Уилл Генри, стоя в одной тужурке, весь скрючился от холода и молил Бога, чтобы проповедник как можно скорее перестал молиться. Холод раннего часа не давал возможности сосредоточиться на службе, и он дергался и нервничал, а мысли его то концентрировались на жалости к мальчику, то обращались к ненависти к тем, кто бил его, кто позволил этому случиться. И невзирая на глубокие религиозные чувства, он не мог заставить себя испытывать вместе со священником жалость к этим людям, и потому он не мог избавиться от чувства вины.
– И все это просим мы во имя Сына Твоего, Иисуса Христа, Спасителя нашего. А-а-минь! – Ламар Мэддокс сделал шаг вперед и нажал кнопку одного из четырех металлических столбиков, стоящих по периметру могилы, и гроб тотчас же начал плавно спускаться вниз. Ламар внимательно следил за работой нового, оригинального устройства, которое, конечно, лучше было бы публично ввести в действие на каких-либо более импозантных и более прибыльных похоронах.
У ограды кладбища, сидя в машине, их поджидал Скитер Уиллис.
– Доброе утро, Уилл Генри. Увидел ваше сборище и остановился. Что тут у вас?
Уилл Генри с чувством облегчения влез в теплую машину.
– Видите ли, Скитер, похоже, на меня свалилось убийство. – Скитер не отвечал. – Наш мальчишка – разносчик газет нашел вчера утром мертвеца у подножия Обрыва Годо. Парню еще и двадцати не было. Мы только что его похоронили.
Вот тут-то Уилл Генри почувствовал, что монопольно овладел вниманием Скитера.
– Выкладывайте все от начала до конца, – заявил Скитер. – Начинайте, и ничего не опускайте.
Уилл Генри ознакомил шерифа с событиями последних двадцати четырех часов, вновь намеренно опуская упоминание об источнике сведений о Клане.
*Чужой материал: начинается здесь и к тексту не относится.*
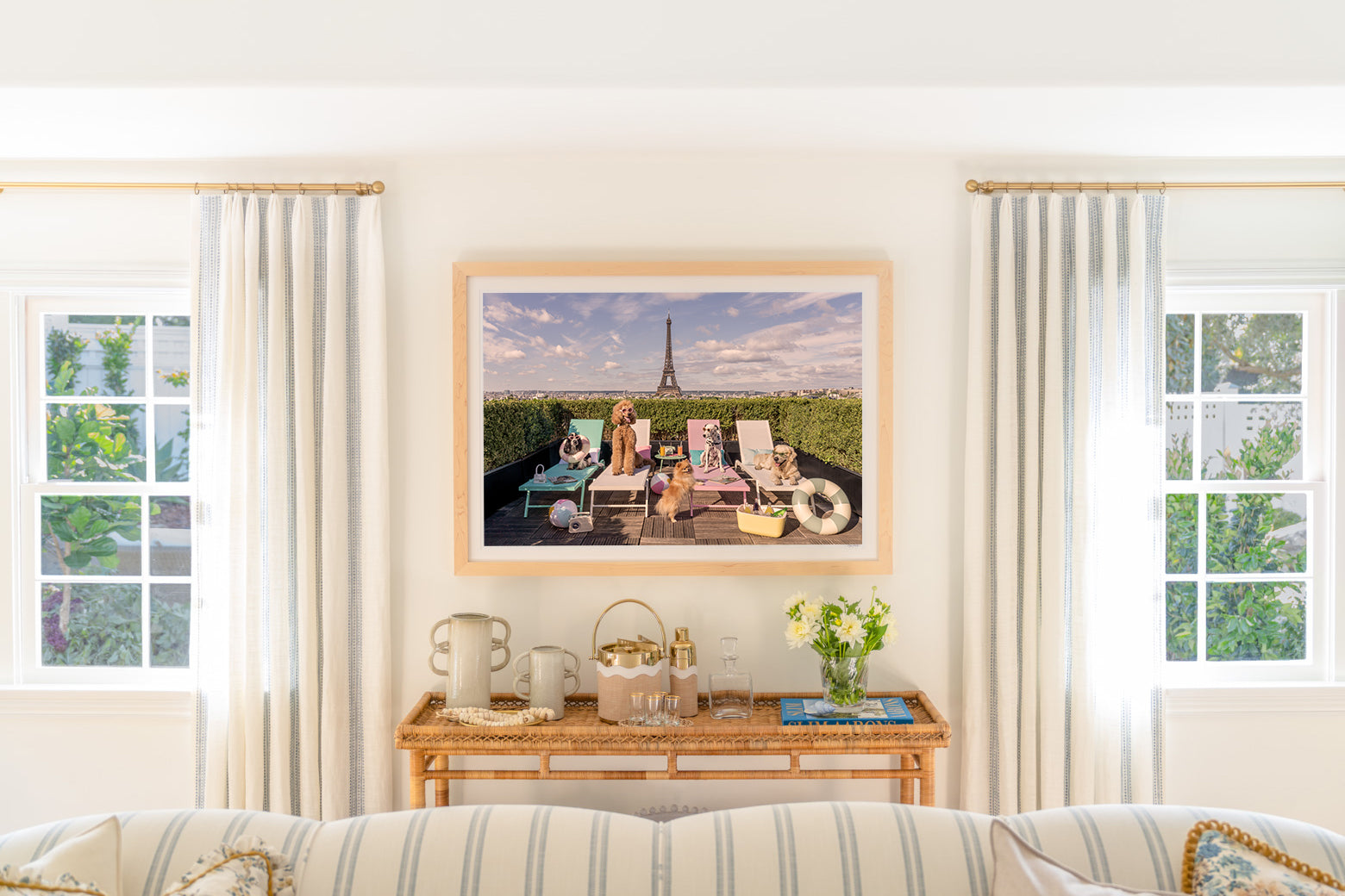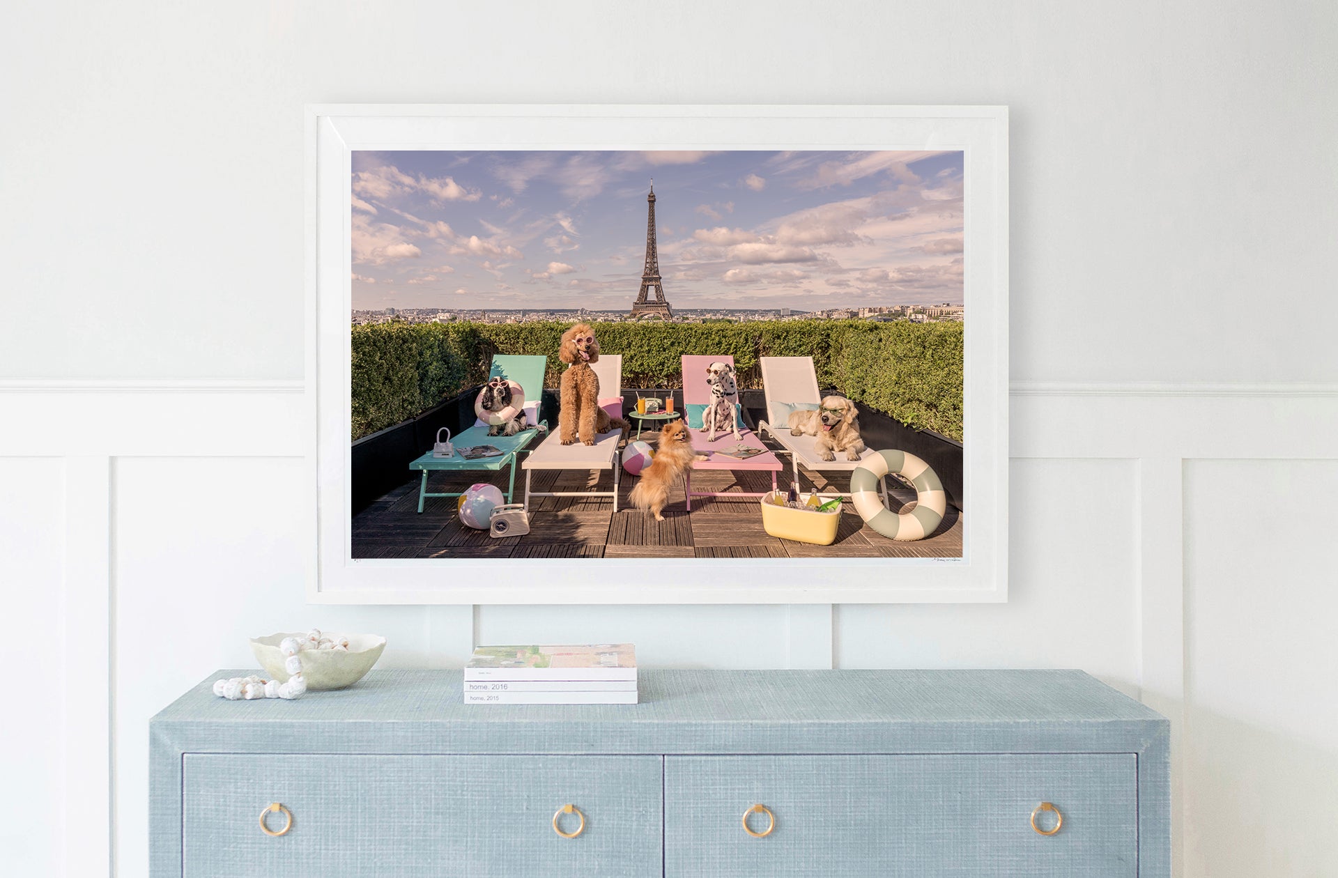 Join a pack of posh pups basking in the Parisian sun with "Terrasse Sunbathers, Hôtel Plaza Athénée." This joyful fine art photography print from Gray’s Dogs of Paris series captures the elegance of French luxury, perfect for dog lovers and Francophiles.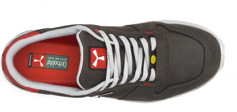 Nízká bezpečnostní pánská obuv, svršek z voděodolné a prodyšné kůže, vnitřní prodyšná podšívka (po celém vnitřním povrchu) odolná proti oděru, 6+6 nekovových oček, chránič podpatku z kůže pampas vybavený reflexní vložkou, hliníková tužinka ve špičce litá pod tlakem, vyjímatelná ortopedická vložka Ortholite X40 016 ESD, certifikovaná stélka z textilní fólie proti propíchnutí, proti torzní výztuž shank, výztuž pod špičkou ve tvaru koňské podkovy, mezipodešev z ultralehkého polyuretanu ESD, tlumič nárazů MASTER BALANCE z polyetheru PU o vysoké houževnatosti a vyvážené hustotě, podrážka XTRAIL GRIP z TPU ESD s chráničem

– И что же вы думаете? – спросил Скитер.
– Не знаю, что и думать, – проговорил Уилл Генри. – Я не слишком-то полагаюсь на мнение доктора относительно того, к какому типу людей принадлежит убийца. Мне это кажется самым диким из гаданий. И если бы к этому приложил руку Клан, то человек, которого я знаю, сказал бы мне об этом, или хотя бы намекнул. И я не знаю у нас никого, кто был бы до такой степени не в своем уме, чтобы совершить такое. Фокси живет неподалеку от того места, где это случилось, и он немного странный, но я не вижу разумных оснований подозревать его.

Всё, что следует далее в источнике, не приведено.